NEW YORK, AUG. 17 -- Revlon Group Inc. today made its third attempt to gain control of Gillette Co. with an offer of $4.5 billion in cash and securities, or $47 per share, nearly $15 more than its first offer in November.

Meanwhile, the cosmetic giant said it plans to sell most of its Vision Care contact lens and eye glasses unit to Britain's Pilkington PLC for $574 million. Revlon, which went private earlier this year, also said it is negotiating to sell the remaining Vision Care operations for $100 million.

Howard Gittis, Revlon vice chairman, said Revlon does not plan to sell other subsidiaries to finance the Gillette takeover. "That's the end of our sales," he said, referring to the Vision Care deal.

In its letter to Gillette, Revlon noted that its offer of $47 per share "represents a more than 100 percent premium over Gillette's share price last fall and a 45 percent premium over recent prices.

"It is only because of the unique synergies that are available through a combination that these prices can be justified," the letter said. The letter did not define "unique synergies."

The latest offer by Revlon consists of $45 cash and securities worth $2 for each Gillette share.

Gillette had no immediate comment on the offer.

Revlon also said it was willing to proceed without the price protection provision contained in an agreement reached with Gillette last fall, as well as without a financing condition.

Gittis would not speculate on how Gillette would react to the latest offer.

"Whenever you're offering $47 a share for a company that in May was trading at less than $28 a share, you would think the shareholders would be interested," Gittis said.

Gillette's stock was the most active on the New York Stock Exchange today, rising $3.12 1/2 a share to $43.25.

In June, Revlon offered $40.65 a share, or about $4.65 billion, for Gillette, in its second bid to buy the Boston-based maker of razors and personal care products. Last year, Revlon offered the equivalent of $32.50 a share for Gillette, a deal worth about $4.12 billion at the $65 price bid before a 2-for-1 stock split.

Gillette rejected the latest bid on June 18. Under terms of an agreement between the companies made after the first bid, Revlon needs Gillette's approval to make a new offer to its shareholders for 10 years. As part of that arrangement, Revlon sold its 14 percent stake in Gillette back to that company at an above-market price of $29.75 a share for a reported $34 million profit.

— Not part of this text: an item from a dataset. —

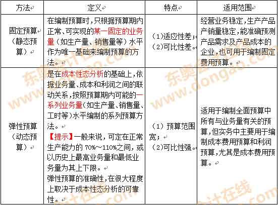 【知識點】:固定預(yù)算法與彈性預(yù)算法
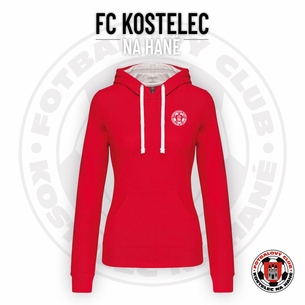 Dámská dvoubarevná mikina s kapucí přes hlavu FC KOSTELEC "DECENTNÍ" - červeno/bílá

The agreement also requires Gillette to pay Revlon the difference between $29.75 a share and a higher price paid by an acquirer who makes a bid before Nov. 24 that is accepted by the company. That is the price protection provision Revlon offered to waive.

Nancy Hall, an analyst for Smith Barney, Harris Upham & Co., said the offer was close to her firm's estimated value of $48 per Gillette share. "We think {Revlon Chairman Ronald O.} Perelman is really playing hardball here," she said. "I think he's in it for the company and not for the payback provision."

In its latest letter to Gillette, Revlon denied Gillette's accusations that it had violated the earlier agreement, saying the pact "specifically contemplates" allowing Revlon to acquire or offering to acquire Gillette shares after obtaining written consent.

The Vision Care transaction is expected to be completed by Sept. 30. The companies signed a conditional agreement, which must be approved by Pilkington's shareholders.

Seventy percent of the deal will be financed by a new stock issue worth $408 million and the balance in cash from existing borrowing facilities, Pilkington said.

Revlon was taken private in July by MacAndrews & Forbes Holdings Inc., which is owned by Perelman. Perelman acquired control of Revlon in November 1985.